Los Angeles, CA—At the end of 2011, the AES announced the formation of a provisional committee to review audio reproduction for digital cinema and television with the intention of eventually arriving at a standard that addresses some of the current issues. The committee is expected to shortly begin formulating a framework for audio improvements.
“The current digital cinema audio system is simply not the best we can do,” states Brian McCarty, who is leading the committee with engineering guidance being provided by Dr. Floyd Toole, vice chair of what is known as the Audio Engineering Society Technical Committee on Sound for Digital Cinema & Television (or AESTC-SDCTV). McCarty is a former Hollywood sound technician who is now managing director of Coral Sea Studios in Australia.

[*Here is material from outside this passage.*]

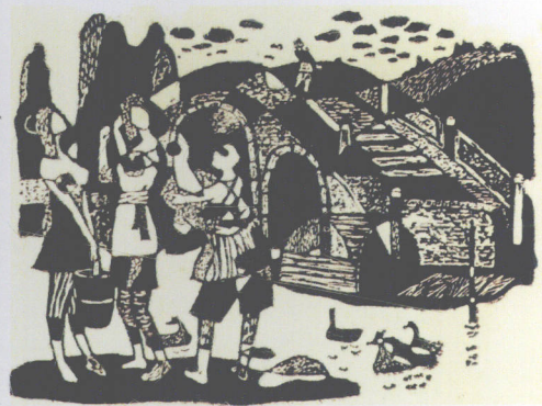
江南小景 版画 1986年 COUNTRY VIEW 江南の景色 版画
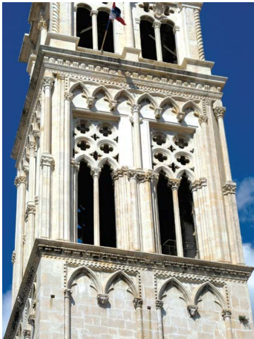
Kasnogotička mrežišta na drugom katu trogirске katedrale

poredbu s istaknutim primjerima arhitektonske plastike. Po jednostavnosti i stilu ukrasa blizak je biforama iz kaštela u luci u Bolu 11 , jednom od rijetkih primjera gotičke stambene arhitekture na Braču.

McCarty previously noted, in a statement released along with the announcement of the formation of the new committee, “In simple terms, what is recorded digitally in the studio does not sound the same at the theatrical end. Acoustical design of theaters is typically incorrect for sound reproduction in large rooms. Current soundtrack EQ reproduction curves are inconsistent with largeroom audio practice and, with the rest of the audio industry. And, loudspeaker technology typically used in theaters has yet to be optimized for proper playback of wide bandwidth soundtracks.”
The format deserves careful study, according to comments by Toole in the same statement: “It seems that no real science has been done in terms of digital cinema sound.”
Digital cinema sound issues were originally addressed in 2010 at AES Technical Committee meetings in London. Now, in order to address the apparent lack of electroacoustical response reference data for digital cinema systems and establish a framework for its improvement, Mc- Carty and Toole will be contacting key personnel from the film audio community.
“We’ll see if we can’t all agree on a common understanding about what’s wrong,” says McCarty. “At the AES in Budapest in April, we’ll have a plan for working groups to attack the different elements of this.” Some big names have already signed up to the committee, he adds: “I’m really heartened that there’s this much high-level interest.”
Digital Cinema Initiatives, a joint venture of the major Hollywood studios, released voluntary specifications for an open architecture for digital cinema in 2008 that set an audio standard of 24-bits at 48 kHz or 96 kHz with a maximum 16 channels. The AES, which has some historical involvement with film sound, could ultimately unify audio standards across multiple disciplines.
In the meantime, a panel of representatives from Barco, Dolby Laboratories and Sony Pictures Entertainment will report on the latest cinema sound advances from the Society of Motion Picture and Television Engineers (SMPTE) at the NAB Show in April. The session is scheduled to provide an update on the progress of the SMPTE B-Chain Study Group, focusing on acoustical measurement techniques for improved interchange and interoperability for the cinema, a novel approach on packaging and playback of audio tracks for 3D and a presentation on audio processing for cinema applications
According to McCarty, many exhibitors initially saw the transition to digital projection in their theaters as an opportunity to make ancillary revenue, in particular from live simulcast concert events. But as McCarty reports, comment cards turned in by the audience at these events have typically rated the picture quality highly but the sound only poorly. “We ought to be able to put a concert-level signal in a 5.1 format into a movie theater and have it sound like a concert. We’ve degraded the signal so much to match what’s going on in the theaters that it’s a subset of audio now—it’s movie sound.”
A description of the formative AESTC-SDCTV states, “The Technical Committee will study current audio reproduction standards for Digital Cinema and Television, which may benefit from revision in the light of current knowledge, reproduction systems and listeningspace acoustics. There is also a need to establish better compatibility with television distribution methods including Blu-ray and 3D Television, and to attempt to unify the approaches to reproducing music and cinema/TV sound. In the past, audio reproduction for cinema and TV was treated somewhat differently to other types of reproduction. However, it is possible that these differences no longer apply so clearly, and there is a motivation to integrate multiple types of audio reproduction under common standards.”
“The AES is starting from the premise that we know something is wrong, let’s fix it,” says McCarty. “Our mission is to identify a consistent approach to controlling perceived loudness and frequency response from installation to installation, and from position to position within digital cinema installations worldwide and for this to be adopted as the formal reference for all contemporary dubbing stage recording and mixing activities, and ultimately as the unified method for film reproduction at home.”